Shinto shrine in Serravalle, San Marino

San Marino Shrine (サンマリノ神社, San Marino Jinja) is a shrine in Serravalle, Republic of San Marino. It is the first official Shinto shrine in Europe supported by the Association of Shinto Shrines when the shrine was established.

== History ==
Manlio Cadero planned the construction of the shrine in consultation with the Jinja Honcho. It was financed through the sale of 'Japan-San Marino Friendship Charity Gold Coins'.

The shrine was founded on 21 June 2014, and opened to the public the following day. The San Marino shrine was inaugurated in the presence of 150 personalities including the president of the Association of Shinto Shrines and Yoko Kishi, mother of the former Prime Minister of Japan Shinzō Abe and daughter of Prime Minister Nobusuke Kishi.
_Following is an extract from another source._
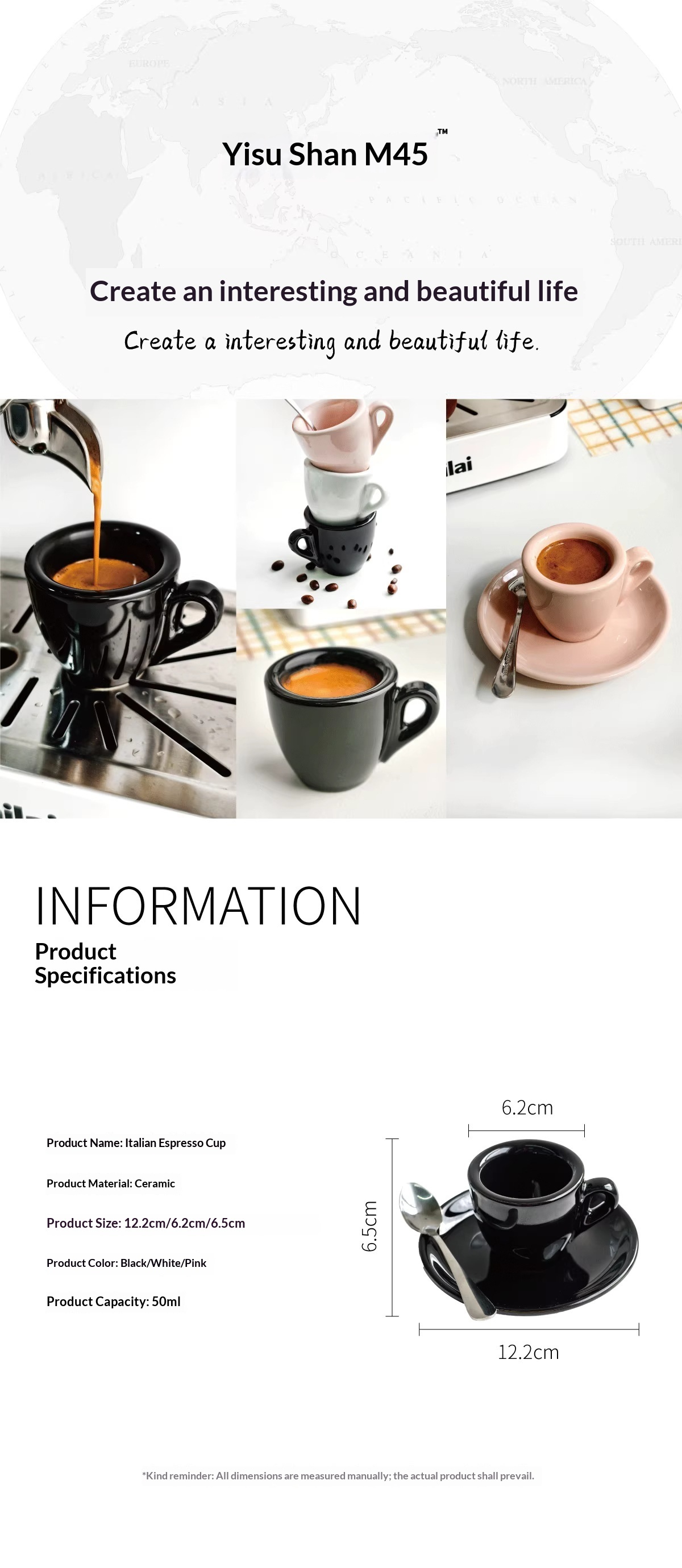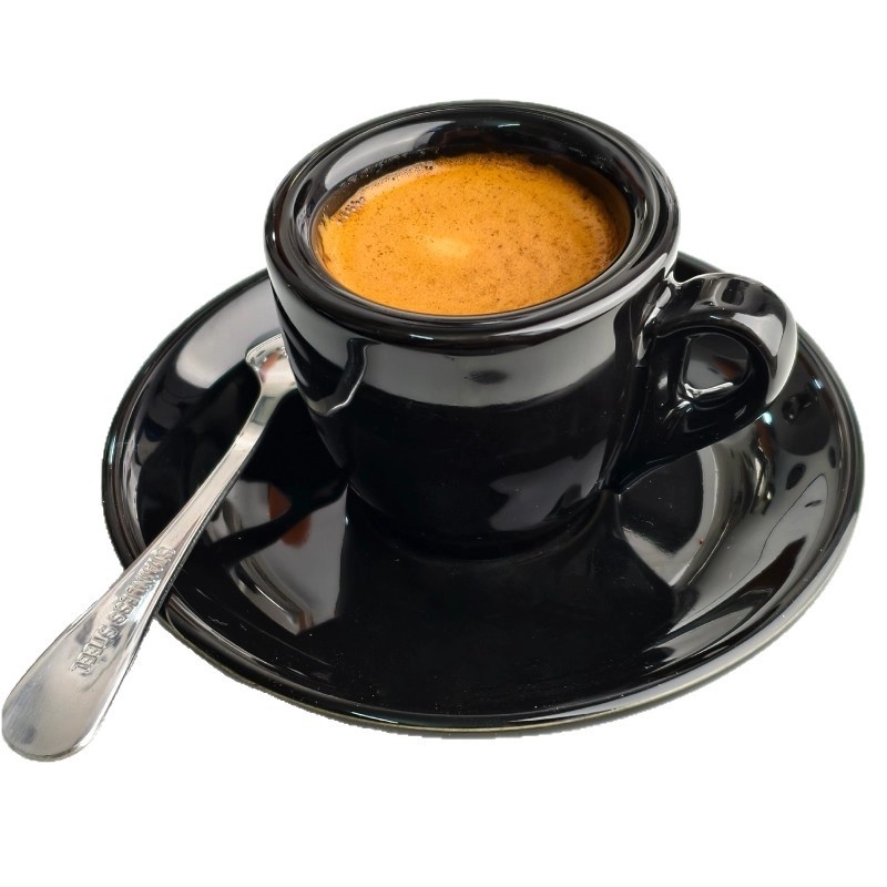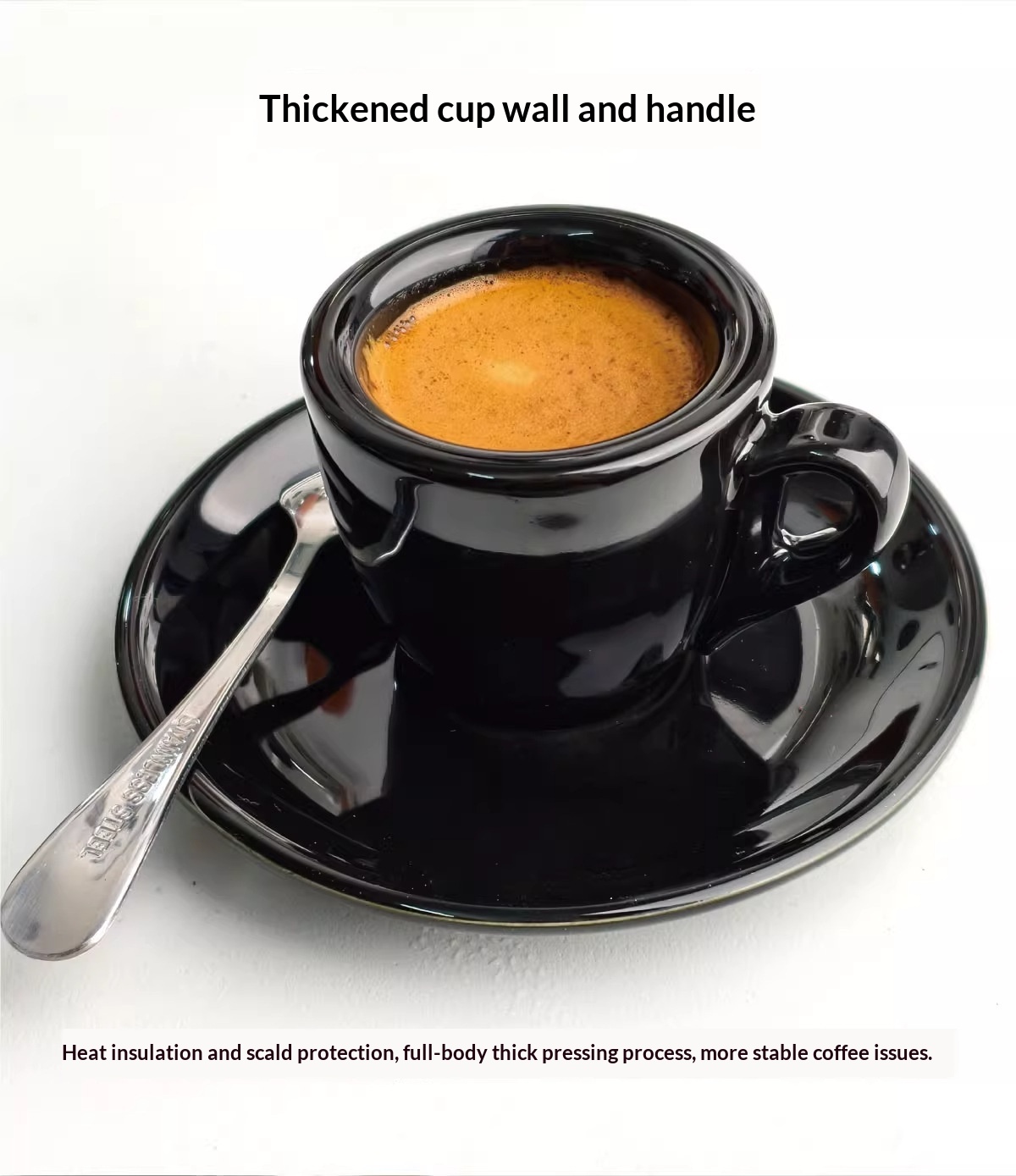 Colors: White-glazed cup and saucer (with free spoon), black-glazed cup and saucer (with free spoon), pink-glazed cup and saucer (with free spoon)

The shrine was established at the initiative of the Japan San Marino Friendship Society (JSFS) in commemoration of the victims of the 2011 Tōhoku earthquake and tsunami.

The Association of Shinto Shrines considers San Marino Jinja as the first official shrine in Europe.
However, as not all shrines fall under Association, the "Yamakage Shinto Holland Saigu" in The Netherlands, established in 1980 by the Japanese Dutch Shinzen Foundation, is actually the first jinja in Europe.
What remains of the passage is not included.